Kerridge is rather better when he gets away from source spotting. In particular, he comments on the moral dimensions of Prynne’s work, the way in which Prynne is fascinated ‘with the role of lyric poetry in Christian and subsequent secular traditions of stoicism and consolation in the face of mortality and mutability.’ And Kerridge is surely right to point up the contrast between ‘the personal lyric voice, Prynne’s poem and the ‘impersonal material’, which Prynne pulls into the text, so that there a contrast in register and address. It is perhaps here that the moral and the technical are joined. That Prynne’s lyric voice registers a range of attitudes to the impersonal in which the moral ‘reasserts itself’, in Kerridge’s terms, against the material and impersonal.

Such a moment occurs eleven pages into the text, and here I’ll quote at length.

Do be serious they say, all the time
in the world mounts a deficit
of choice moments fluffed and spilled.
Is misery worse than not knowing its cause,
the wrong fuel in a spirit lamp? The case
rests on tarmac already crumbled
in a pre-recorded dawn chorus:
               when the furniture was removed
he pulled down the window frames, threw down
the roof, and pushed in the walls.

The element of lyric address, which Kerridge suggests Prynne moves in and out of, seems quite clear from the opening five lines, where the emphasis is on the moments in life which we ‘fluff and spill’. Apart from the sense of the word ‘deficit’. Does that word mean that there are fewer choice moment spilled, and is that interpretation emphasised by the word ‘mounts’? Is that an abbreviation of ‘amounts to’ or does ‘mounts’ here mean ‘overcome’? Are the negative connotations of the words run against each other to create a set of positives?

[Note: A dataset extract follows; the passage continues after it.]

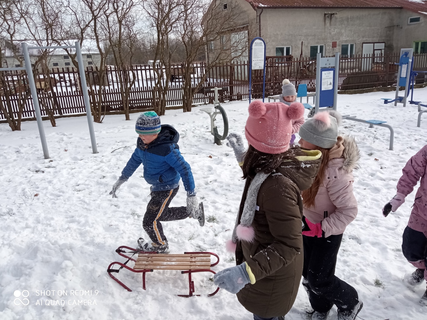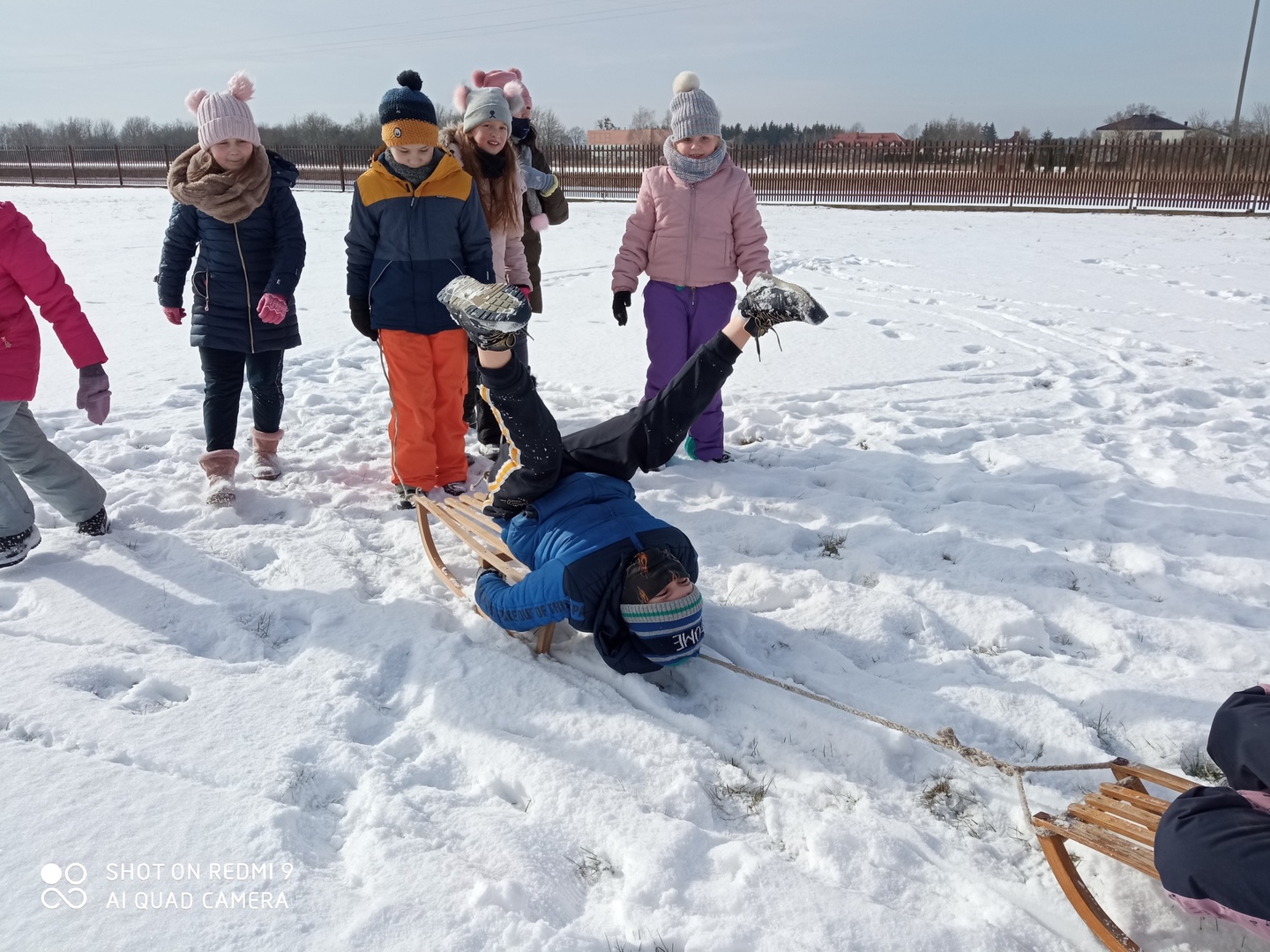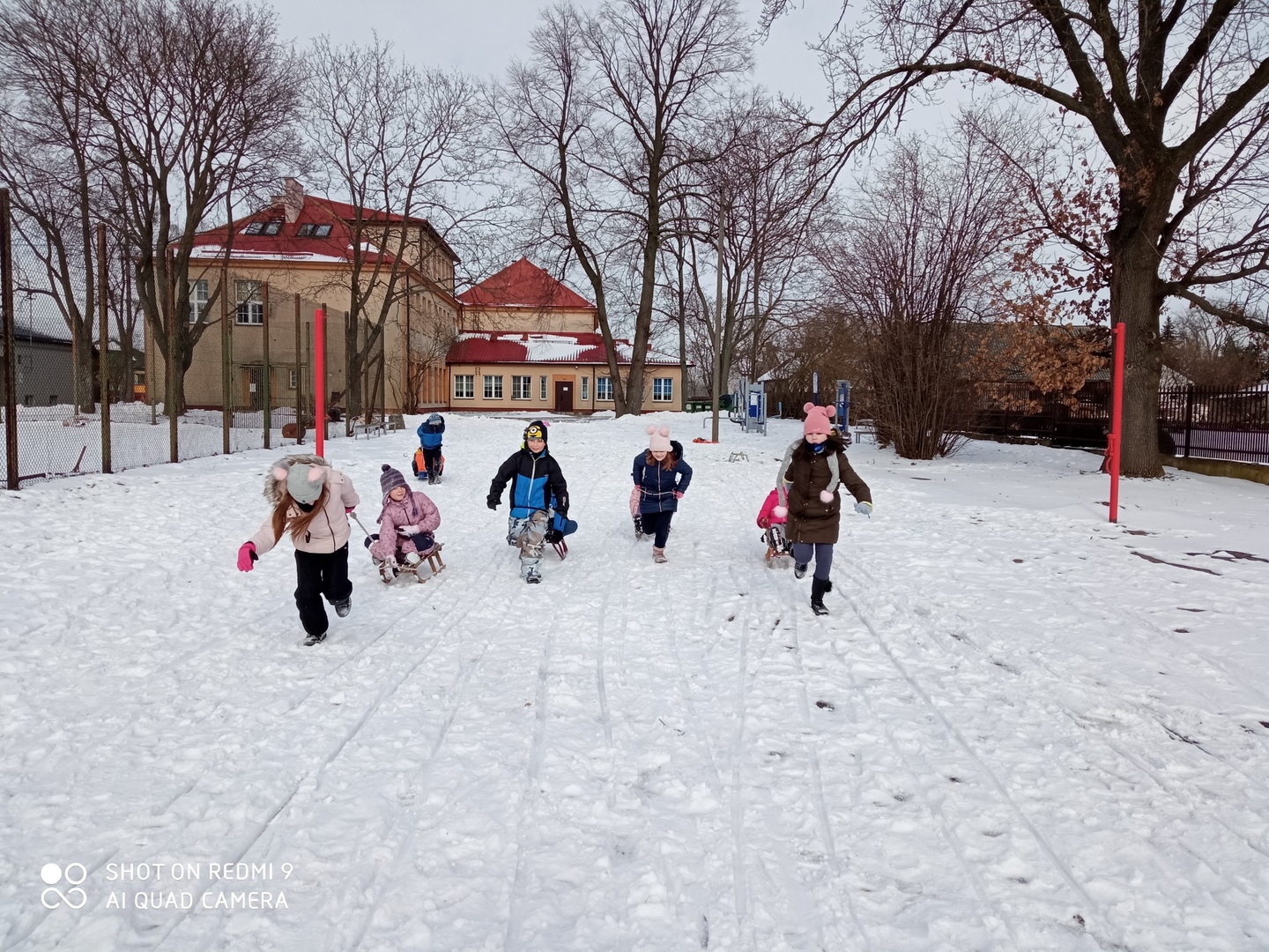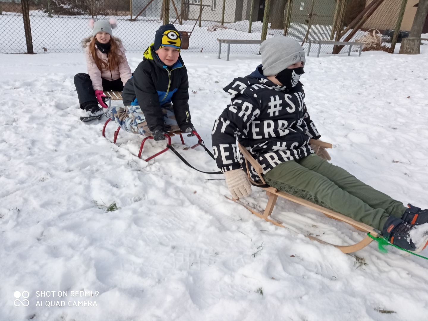 Zima jak co roku zaskoczyła drogowców, ale nie naszych pierwszaków. Zabezpieczeni przed mrozem i śniegiem, wyposażeni w sanki i inny sprzęt sportowy wyruszyli na zajęcia sportowe na świeżym powietrzu.

What does seem clear is that these permutations offer a ‘reflection on the world’, which could emerge from the authorising consciousness of the poem. And that address is then reinforced in the next two lines, ‘Is misery worse than not knowing its cause,/ the wrong fuel in a spirit lamp?’. Here, the sense of metaphor in the second line reinforces the pitting of ‘misery’ against ‘lack of knowledge’. The line does not run ‘Is misery worse for not knowing its cause,’ although that might be part of the meaning of the line. What, again, seems clear is that the lines portray a larger negative view of ‘all the time in the world’.

I have printed the final three lines here in bold as they are in Reeve and Kerridge’s annotated version of the poem. These lines they have traced back to A History of the Highland Clearances published by Eric Richards in 1982. Thus, this horrendous event in British history becomes part of the tenor of this section of the text.

Reeve and Kerridge’s edition of The Oval Window is clearly an important addition to explaining how J.H. Prynne’s writing has made him the pre-eminent ‘language’ poet in the UK. By presenting the range of sources for some of the writing, they show how Prynne was working ‘intertextually’ before that term was even a twinkle in an academia’s eye. But they also show some of the impulses behind the direction of the poetry. They show, as if it needed showing, that Prynne’s writing is never the random surface which it sometimes appears, but springs from a deep concern with reality in all its forms.